Il 21 giugno, nella casa del Sacro Cuore di Roma, si è ritrovato il gruppo di redazione di Note di pastorale Giovanile per il consueto appuntamento di discernimento e discussione sulla Rivista per il prossimo anno.

Dopo uno stop dovuto all’emergenza sanitaria che ha costretto al collegamento on line, la riunione si è svolta in presenza. La modalità di lavoro è stata quella del “discernimento generativo”, proprio per valorizzare la presenza e lo scambio di persona.

Don Michele Falabretti, vicedirettore di NPG e Responsabile del Servizio Nazionale per la pastorale giovanile, Ernesto Diaco, direttore dell’ufficio Scuola della CEI e don Rossano Sala, direttore di NPG e docente all’UPS hanno introdotto la giornata con una panoramica su quanto sta accadendo nella Chiesa italiana e universale.

C’è stato poi lo spazio per il discernimento generativo, con il contributo di tutti e con quanto ciò che si era ascoltato aveva suscitato in ciascuno dei presenti. Il cuore della discussione è stato proprio il cambiamento epocale che stiamo ancora vivendo, che è epocale non solo perché il mondo è diverso rispetto a un anno fa ma perché siamo dentro un sentimento forte. Come si può rispondere alle domande di senso che oggi risuonano nella vita di tanti? Sicuramente il cammino sinodale, sia come metodo di lavoro che come esercizio per mettere in campo azioni pastorali.
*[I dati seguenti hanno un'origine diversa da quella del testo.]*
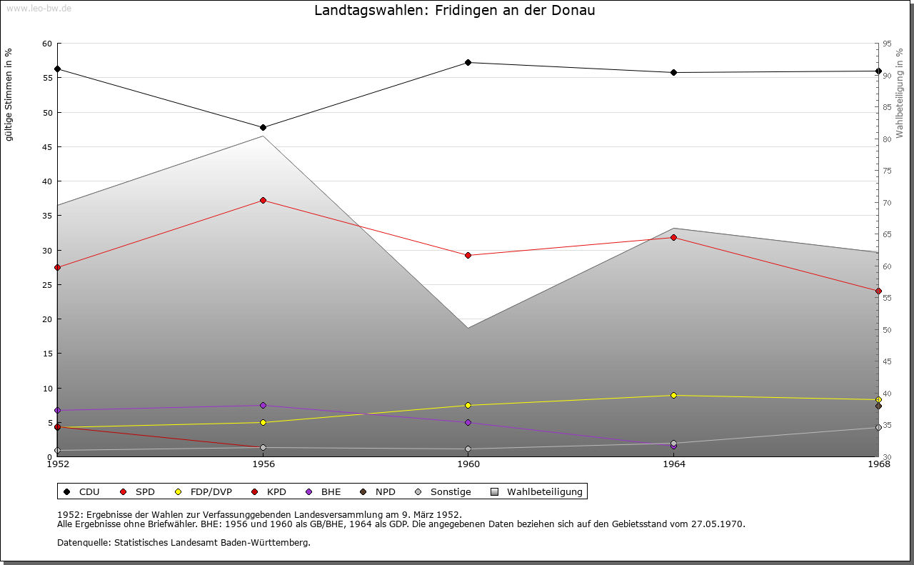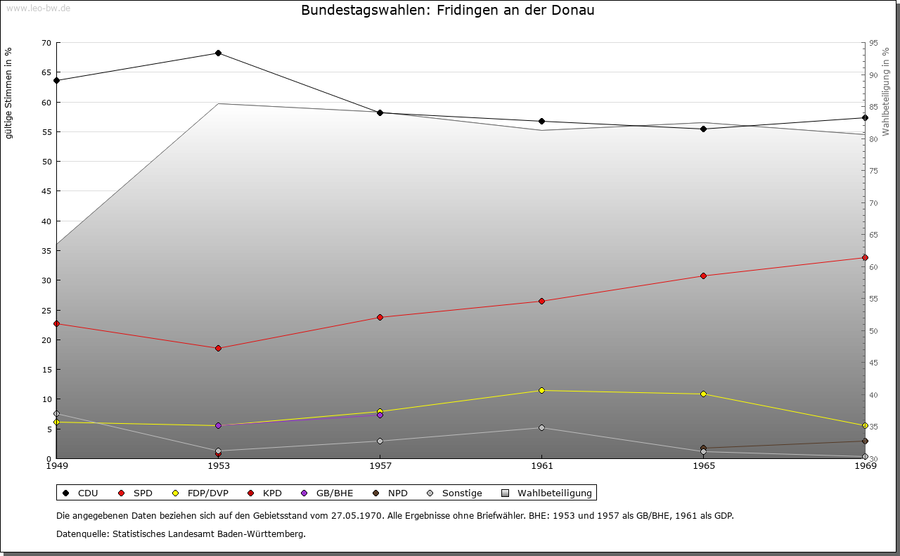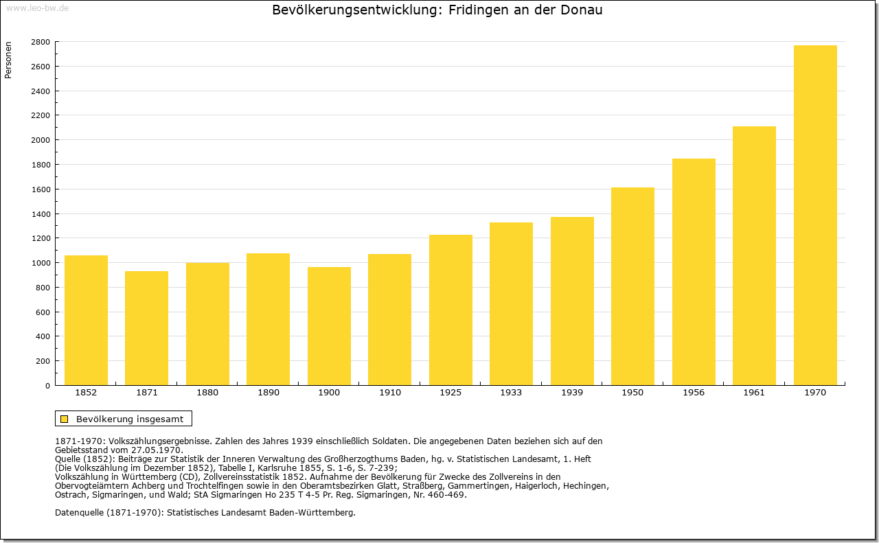 | Geschichte: | 850 Fridingun, von Personenname, anläßlich einer Schenkung an das Kloster St. Gallen. Reihengräber der ersten Hälfte des 6. Jahrhunderts beim Ort. Zwischen 1089 und dem 16. Jahrhundert erscheint eine Familie von Fridlingen, die anfangs sogar als edelfrei bezeichnet wurde. Seit dem 15. Jahrhundert war die Familie nicht mehr am Ort wohnhaft. Fridlingen hatte sich ursprünglich im Besitz der Bertholde befunden, von denen es an die Grafen von Zollern und von diesen an die Grafen von Hohenberg weitervererbt wurde. Neben den Grafen von Hohenberg werden die Familie von Ow und Kloster Heiligkreuztal mit Besitz am Ort genannt. Die Grafen von Hohenberg gründeten um 1300 die Stadt Fridlingen Graf Rudolf von Hohenberg nahm diese 1372 von Böhmen zu Lehen, verkaufte sie aber 1381 mit der Herrschaft Hohenberg an Österreich. Österreich verpfändete Fridlingen 1393 an die Pfuser in Rottweil und später an die Herren von Balgheim, die ihre Pfandschaft bis zum Ende des 15. Jahrhunderts behielten. Die zur oberen Grafschaft Hohenberg gehörige Stadt war bis 1688 Sitz des Obervogteiamtes, danach eines Amtmannes unter der Obervogtei Spaichingen. Eine möglicherweise ursprünglich von den Herren von Fridlingen stammende Burg, später Schloß, erscheint im 15. Jahrhundert als österreichisches Lehen der Herren von Balgheim, dann von Stain und war seit 1536 im Besitz der Familie Iflinger, die es 1793 verkaufte. Die Ringmauern wurden abgebrochen, ein Teil des Schlosses von der Gemeinde als Armenhaus verwendet. Die ursprüngliche Stadtanlage war annähernd ein Rechteck mit je einem Tor an der Nord- und West-Seite; beide 1840 abgebrochen. Im 30jährigen Krieg wurde Fridlingen fast vollständig zerstört, in den Kriegen des 18. Jahrhundert wiederholt erheblich in Mitleidenschaft gezogen. Die Stadt fiel 1806 an Württemberg und gehörte zuerst zum Oberamt Spaichingen, ab 1807 zum Oberamt/Landkreis Tuttlingen. |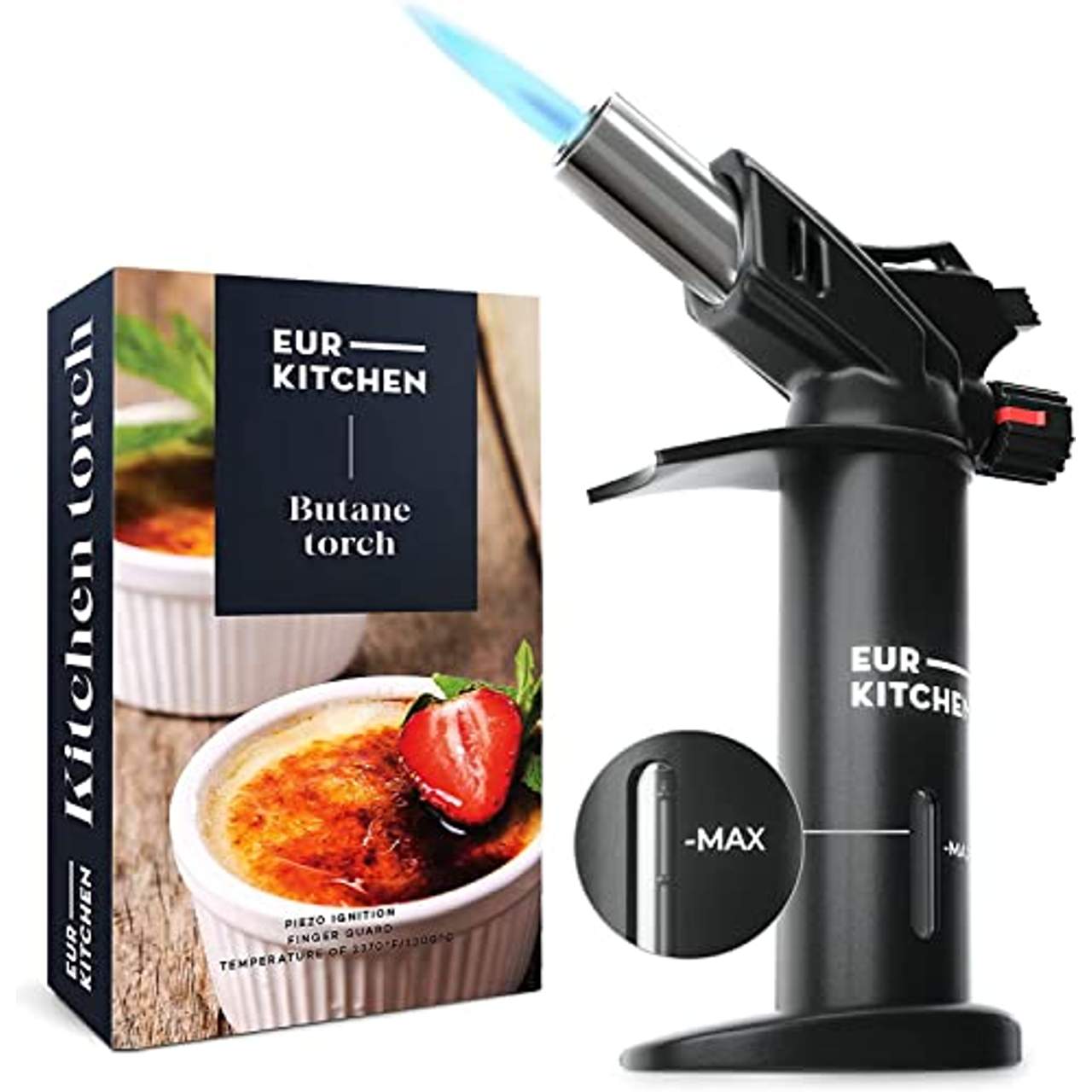 Der EurKitchen Premium Flambierbrenner ist deutlich größer als andere Küchenfackeln und bietet eine bessere Handhabung und Robustheit.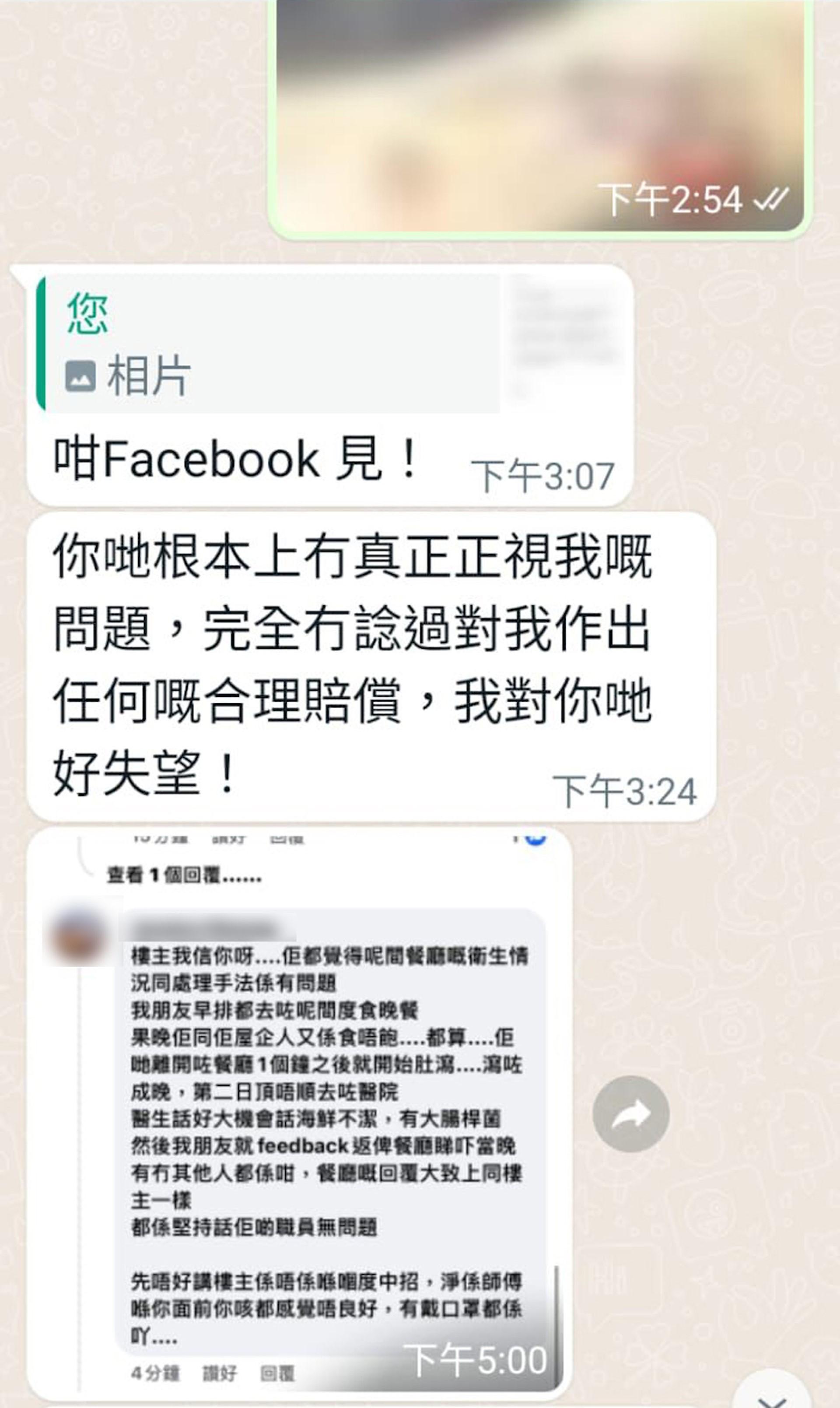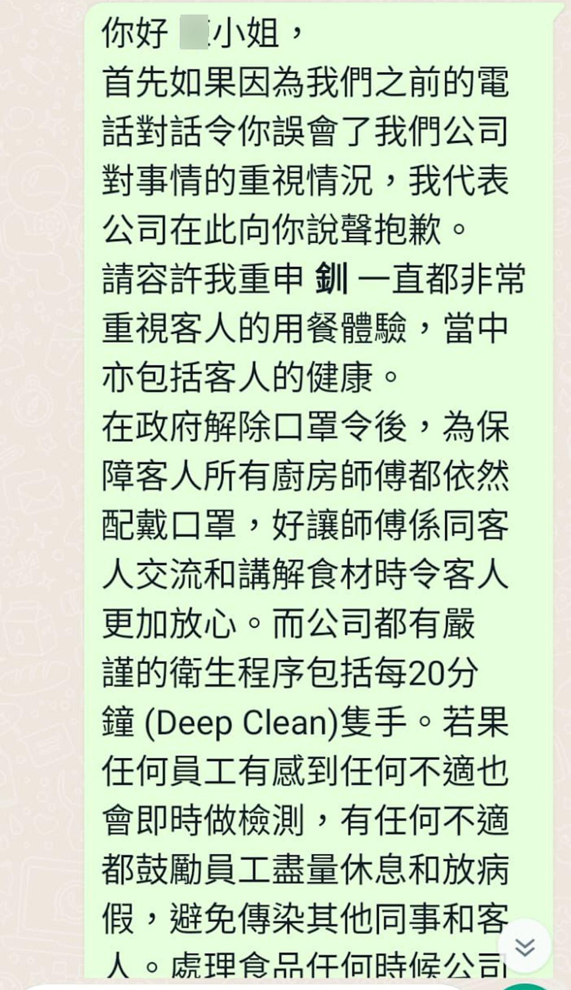 餐廳回覆訊息時就港女不快用餐經歷致歉,並希望致電了解情況。經理解釋「師傅有一定年紀,有時氣管敏感會出現幾聲咳嗽,因此一路以來他和全店員工都是帶着口罩去招呼客人,一直以來亦都冇收過任何這方面投訴」。但港女不滿答覆,一口咬定認定廚師是感染源頭,同時要求全單退款。

Dopo il pranzo, c’è stato il tempo della programmazione: ascoltate le riflessioni del mattino, i membri del gruppo di redazione hanno proposto temi per il prossimo anno di Note di Pastorale Giovanile, una rivista che cresce di anno in anno anche fuori dal mondo salesiano e che ormai è diventata punto di riferimento per la formazione e l’approfondimento della Pastorale Giovanile nella Chiesa italiana.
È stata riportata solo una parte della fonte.